Edited 2011-08-02 04:13 (UTC)

[identity profile] vissernone.livejournal.com 2011-08-02 04:23 am (UTC)(link)
She lets a long breath out her nose, then pulls Tom towards her - gently, not in a restraining way, always giving him the option to resist her. "Of course you do. I don't think Marco ever stopped missing me, and I was gone even longer."

She strokes hair from his forehead. "But I don't think you always will. She'll arrive, soon enough. Plenty of people have."

[identity profile] vissernone.livejournal.com 2011-08-02 05:03 am (UTC)(link)
She nods, careful not to shift too much under his head. She knows from feeling like she has to protect Marco, knowing she can't and couldn't. Knowing Peter doesn't need her the same way anymore, knowing she couldn't be there for him even if he did.

"There is no 'should', honey. We are what we are now. If that means you're the younger brother, then that's how it is." She lets out a deep breath, not a sigh but a sound of consideration. "There isn't a single reason out there that you shouldn't miss your mother."

[identity profile] vissernone.livejournal.com 2011-08-02 03:15 pm (UTC)(link)
"That's not you failing, Tom. That's them being unreasonable." It sounds hollow to her ears, since she knows the same feeling. There's a deep pit of frustration, a well of 'why can't I be what I was?', 'why isn't it ever over?'. She can tell Tom it's because of the others, but they both know it's because hosts are broken little creatures.

"Tom, I..." She chews on the side of her lip. She knows she's one of those people who railed against Tom letting Iniss back in. Who used the facts of the situation like a bludgeon during the elections. If she's so guilty, does it make it a sham for her to try and say anything to alleviate his plummeting self-worth?

"I let Edriss back in by choice, too," she says quietly. "I understand, baby. I understand what it's like."

That doesn't mean she knows how to respond to it. She doesn't know how much grace she can give Tom. But she needs him to know he's not alone or defective in making that decision.

Unless they're both defective.

Eva thinks they probably are.

[identity profile] vissernone.livejournal.com 2011-08-03 05:19 am (UTC)(link)
She rubs his back, reminded viscerally and suddenly of that time she held Marco, despite her broken bones and burned body, before asking - begging, practically - to be reinfested. She can practically smell the blood, her own body infected and decaying, her son's salty tears.

But of course, it's just Tom's shampoo, and the garden, and the faint scent of chicken feed.

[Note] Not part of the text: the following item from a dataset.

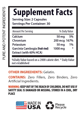 Garcinia Extract 60% 1300mg Super Fruit for the Super Athletes Burning of the Fat in the Liver. Suppressing Your Appetite, Enhances Metabolism. Enhancing Mood Levels, Aids Immunity. Lowers Cholesterol Level, Help with Depression. Antioxidant nature Booster, Burn Belly Fat. Boost Kidney Health and Your Energy levels. Increases Good Cholesterol, Boosts Immunity. Regulate Blood Sugar, Eliminate Depression. 1 Bottle, 60 Capsules Made In USA What Is Garcinia Cambogia? The rind of this fruit is where the Garcinia Cambogia extract comes from. It has been a part of Southeast Asian culture and cuisine since centuries. It has been added to cuisines to give them a sour flavor. It was used not only as flavoring agent in fish, meat, curries and cutneys but had also been utilized to treat many health problems. Some recent studies have shown that this extract consist of health benefiting element like calcium, hydroxycitric acid, and potassium which are bound to improve health in different ways. It is particularly the skin that is full of the biologically active ingredient Hydroxycitric Acid (HCA). Garcinia Cambogia Has Been Proven In Reducing Weight: Whenever there is buzz is about something new most of it has to do with the benefits that it offers. This is the case with Garcinia Cambogia as well. Garcinia Cambogia also known as Garcinia Gummi Atta is popular for its effectiveness, visible results and the plethora of benefits that it offers. It has been used in the South and Southeast Asia including India as a souring agent and has been in the use as a traditional medicine as well for a very long time now. People have been consuming this fruit for centuries and it is quite healthy when eaten in its most natural form that is when eater as it is. Garcinia Cambogia has been proven to achieve visible and commendable results in reducing weight. It helps in combating weight gain issues without any diet loss as it suppresses the hunger naturally and a person taking this supplement feels fuller without a need to take follow up meals. Garcinia Cambogia Helps Obese People Reduce Their Belly: Garcinia cambogia is an edible, green-yellow, pumpkin-like fruit. It is native to Indonesia, Malaysia, India, and a few regions of Africa. Traditionally, it is consumed raw - just before meals - by some people in the Malay Peninsula. Fat reduction is the most talked about benefit of this fruit. Garcinia cambogia supplements are made from a fruit extract, known as hydroxycitric acid, or HCL. This substance helps obese people reduce their belly circumference in two ways - it prevents fat storage and it dampens appetite. HCL inhibits citrate lyase, carbohydrates whose conversion into fats produces harmful bad cholesterol. The extract raises serotonin levels in the brain; serotonin is a chemical whose deficiency leads to depression; and often unhealthy overeating. Garcinia Cambogia Ability To Suppress Your Appetite: Portion and appetite control are the number one factor amongst many dieters why they fail their diet. Sooner than later the brain will release hunger hormones like Ghrelin and Leptin that will increase your hunger and will make it almost impossible for you not to start eating. It often start with just a little bit, but then when your senses gets hang of it, you will soon be back to the old eating habits, the habits that made you gain weight. One benefit with Garcinia Cambogia is its ability to suppress your appetite in such a way that will you feel filled up lot faster than without, and at the same time you will avoid those cravings for sweets that often hits people during the afternoon when the blood sugar is very low. Garcinia Cambogia The Anti-Aging Supplement: The anti-aging supplement is made from the fruit of a plant that is native to Indonesia. The skin of the garcinia cambogia fruit contains a natural substance called hydroxycitric acid (HCA); this is what is naturally extracted to create the anti-aging supplement. Garcinia cambogia has been found to be an effective anti-aging supplement to drop pounds if used in combination with a calorie-reduced weight loss diet. In fact, studies have shown some promise. The anti-aging supplement is believed to have a dual-pronged approach that’s ideal for a weight loss diet: it works to burn fat, while preventing new fat from forming. It also replaces the burned fat with muscle. Plus, because this anti-aging supplement is made from natural plant extracts and ingredients, it’s been shown to increase serotonin levels—serotonin is the neurotransmitter in your brain that plays a role in moderating sleep, appetite, memory, muscle contraction, cardiovascular function, and bone metabolism. Garcinia Cambogia Helps Athletes Performing Better: Garcinia cambogia is capable of breaking down lipids (fats) as well. This is a process that is required by people unable to get rid of body fat, and even by athletes in order to withstand the wear and tear while they perform. Garcinia cambogia can be given to athletes in order to enhance their performance. It is an ergogenic aid (helps in performing better) and also helps in the oxidation of fat, ultimately providing energy to the athletes. If you have been pushing yourself to exercise more and burn those calories, you must be familiar with the story of glucose and glycogen! For those who do not, glucose provides for energy that we burn in the beginning of our workout. However, glycogen comes into play after we have been running on that treadmill for a while. Garcinia Cambogia The Source Of Energy: Glycogen becomes the source of energy for us and keeps us going. Hydroxycitric acid, taken orally, has been found to have an impact on the glycogen synthesis in exercised muscles (skeletal muscles) in human beings. Healthy males completed a cycling exercise (of a 60-minute duration) and after that, for a 3-hour recovery period, consumed hydroxycitric acid. After a 3-hour period, biopsies were taken from their skeletal muscles. An increase in t

"It seemed like the right thing to do," she says quietly. She won't tell Tom it was wrong. Won't tell him that every moment she regrets it. She should have escaped with the Animorphs, fed them information, fought from outside instead of waging futile, hopeless war within. But it had seemed right.

How can she tell Tom the only major decision he's made so far was the greatest mistake?

So she doesn't.

[identity profile] vissernone.livejournal.com 2011-08-05 03:43 am (UTC)(link)
"I know, honey." She doesn't pull away - if anything she just draws him a bit closer. No point in regretting the past. No point in encouraging Tom to second-guess himself, when absolutely nothing can be gained from it. She could only crush the fragile shreds of autonomy he's swept together.

It's never really over. She knows that. But for his sake she has to have hope, because he thinks she's strong, and nothing is more discouraging than watching your role models buckle under the weight of your same problems.